25Ces dispositifs s’inscrivent dans un contexte d’évolution des méthodes de régulation du trafic, avec une prise en compte des déplacements plus qualitative, à partir des années 1960. Les gestionnaires de la voirie prennent conscience que cette gestion quantitative des flux automobiles ne parvient pas à enrayer l’encombrement toujours croissant des centres-villes. Ils se tournent alors vers des méthodes plus qualitatives, en complément des méthodes traditionnelles d’analyse du trafic : cela s’observe par exemple avec les premières EMD (Enquêtes Ménages-Déplacements), initiées en 1960, qui comportent une étude de déplacements dont les résultats sont repris pour définir de nouvelles politiques de transport.

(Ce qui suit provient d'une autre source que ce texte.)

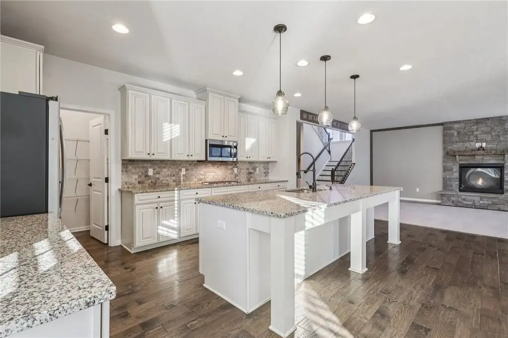 Welcome to 4462 Walnut Ridge, a stunning 4-bed, 5-bath home with a 3-car garage and open floor plan. The living room features a gas fireplace and flows into the dining area and gourmet kitchen with granite countertops, stainless steel appliances, walk-in pantry, and soft-close cabinetry. A private den with French doors, engineered hardwood floors, and elegant mouldings offers space for a home office or playroom. A mudroom with built-in storage is located at the garage entrance. The dining room opens to a concrete covered patio with sun shades, recessed lighting, ceiling fans, and serene views of the fenced backyard. Upstairs, the primary suite boasts 2 walk-in closets and a spa-like bath. Three additional bedrooms and two baths, a study nook, and laundry room complete the second floor. The finished lower level includes a game room with live edge bar and barrel sink, an exercise room, and full bath. A truly spectacular home - where luxury, comfort, and convenience merge in perfect harmony.

26Les années 1950 à 1970 constituent donc un moment de rupture dans l’information aux automobilistes, tant à Paris qu’à Lyon : la régulation du trafic devient la priorité absolue pour lutter contre la congestion, ce qui conduit rapidement à des politiques de coordination entre les différentes collectivités gestionnaires et entre différents modes de transport. La tendance à l’orientation de flux plutôt qu’à des indications sur les modes et les motifs des déplacements individuels semble s’infléchir dès les années 1970, avec l’abandon progressif, en ville, des programmes d’infrastructures de circulation exclusivement dédiées à l’automobile et le développement de l’informatique.

Des années 1980 à nos jours : la révolution du guidage dynamique des déplacements

27À partir de la fin des années 1970, la gouvernance de la voirie urbaine s’appuie sur d’importantes innovations techniques, qui permettent au gestionnaire d’élaborer des systèmes centralisés de régulation et d’information sur le réseau dont il a la charge. Cela accompagne la volonté des pouvoirs publics de fournir un guidage et une information dynamiques aux automobilistes, tant en amont que pendant leur déplacement. Dans ce contexte, les Parisiens et les Lyonnais conçoivent des systèmes d’information bien différents, mais avec le même objectif d’une information de plus en plus adaptée aux conditions de trafic en temps réel. Néanmoins, le gestionnaire, initialement au centre des dispositifs d’information va, à partir des années 1990, du fait de la démocratisation de la télématique embarquée, voir son monopole peu à peu amputé par de nouveaux acteurs.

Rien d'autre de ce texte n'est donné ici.